Member o the Chamber of Deputies
- In office 23 April 1992 – 28 April 2008
- Constituency: Tuscany (1992–2006) Liguria (2006–2008)

Personal details
- Born: 22 January 1948 Piombino, Italy
- Died: 3 September 2026 (aged 78) Rome, Italy
- Party: PCI (1966–1991) PDS (1991–1998) DS (1998–2007) SD (2007–2010) SEL (2010–2017) SI (2017–2026)
- Education: University of Pisa
- Profession: Journalist
- Website: Official website

= Fabio Mussi =

Italian politician (1948–2026)

Fabio Mussi (22 January 1948 – 3 September 2026) was an Italian politician who was Minister of University and Research from 2006 to 2008 in the Second Romano Prodi government. A past member of the Italian Communist Party (PCI), the Democratic Party of the Left (PDS), and then the Democrats of the Left (DS), he became a lead founding member of the Democratic Left (SD). Mussi was then a member of Left Ecology Freedom (SEL), which the SD merged into in 2010, before becoming a member of the Italian Left (SI), after SEL was dissolved in 2017.

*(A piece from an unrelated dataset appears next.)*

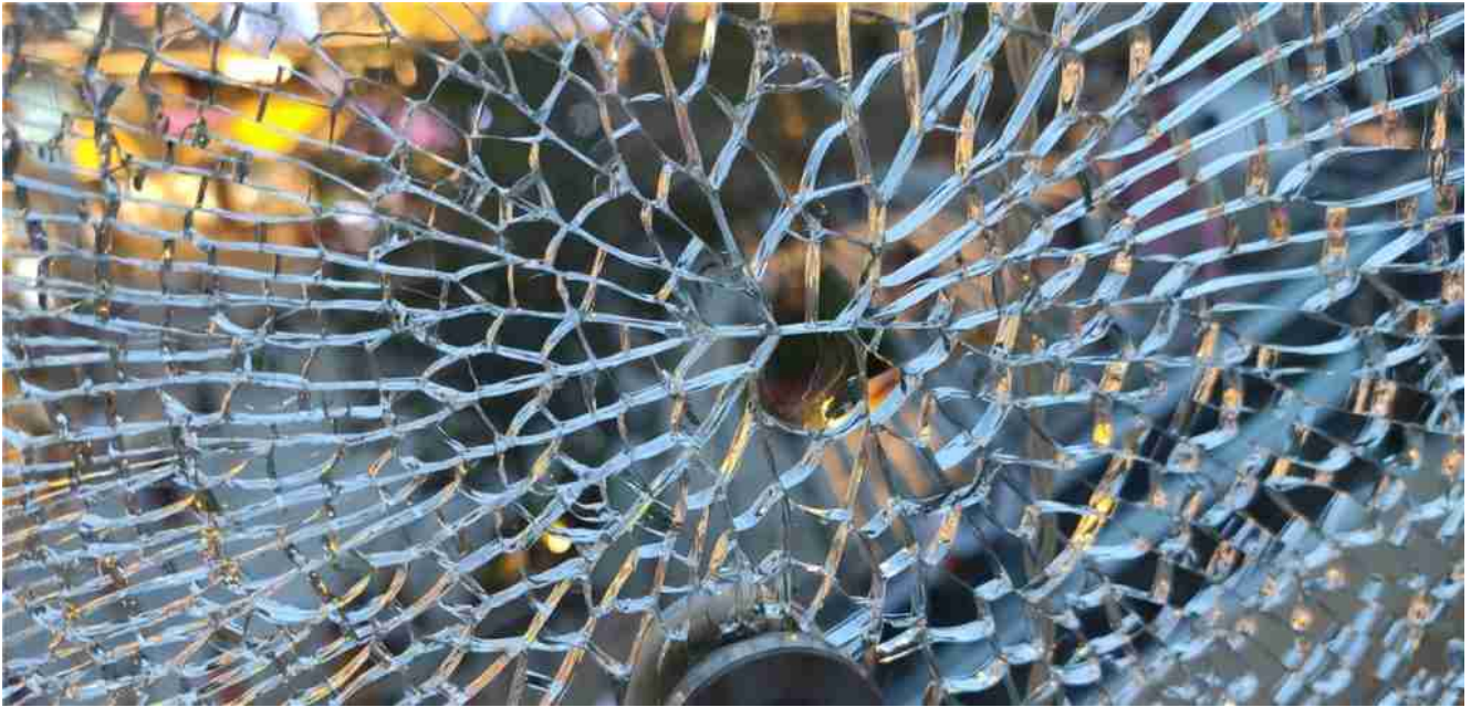
12mm toughened glass breakage

However toughened glass all has a potential risk of [REDACTED] , to reduce spontaneous breakage, heat soak test glass will be suggested.

== Early life and career ==
Born into a working-class family in Piombino, Tuscany, on 22 January 1948, Mussi joined the PCI in 1966, being initially active at university level whilst studying at the Scuola Normale Superiore in Pisa. In 1973, he graduated in Philosophy from the University of Pisa (he never graduated from the Scuola Normale Superiore) and soon joined its administrative staff. He also became a member of the PCI Central Committee in 1979, charged with cultural and propaganda tasks and bestowed with an editor's position at Rinascita. He was regional secretary of the party in Calabria (1980–1984), and after that a member of the PCI National Directorate. From 1986, he was co-editor of L'Unità.

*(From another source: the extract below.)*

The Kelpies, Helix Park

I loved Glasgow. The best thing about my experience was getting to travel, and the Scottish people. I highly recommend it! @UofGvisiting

Favourable to the turn towards democratic socialism in the PCI, Mussi joined the PDS, the direct successor of the PCI, which itself became the DS in 1998, also serving in the Italian Parliament from 1992 to 2008. Confirmed as deputy for his fourth time at the 2006 Italian general election, Mussi then served as senior vice-president of the Chamber of Deputies and Minister for the University and Research in the Italian government.

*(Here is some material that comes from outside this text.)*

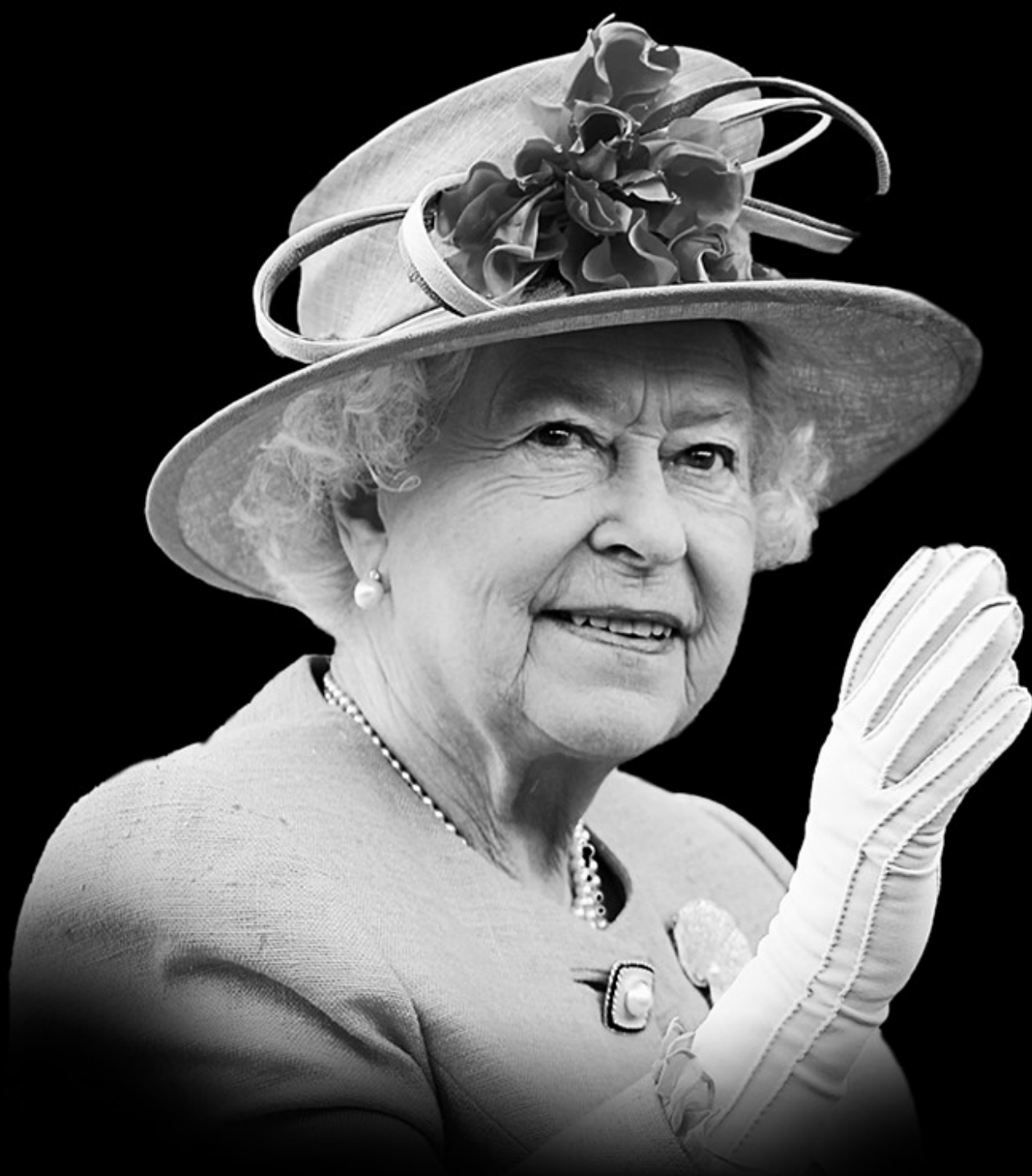
Her Majesty Queen Elizabeth II 1926 — 2022

During the 2007 DS convention, Mussi headed the left-wing minority (the correntone), which was opposed to the creation of the Democratic Party (PD). During the convention, he announced his opposition to joining the PD once it was founded and instead created the SD, of which he was the national coordinator. Mussi left the leadership of his party following the party's defeat in the 2008 Italian general election, as part of The Left – The Rainbow alliance, being replaced by Claudio Fava.

== Death ==
Mussi died on 3 September 2026, at the age of 78. The two funerals are scheduled for 5 September in both Rome and Piombino, his hometown.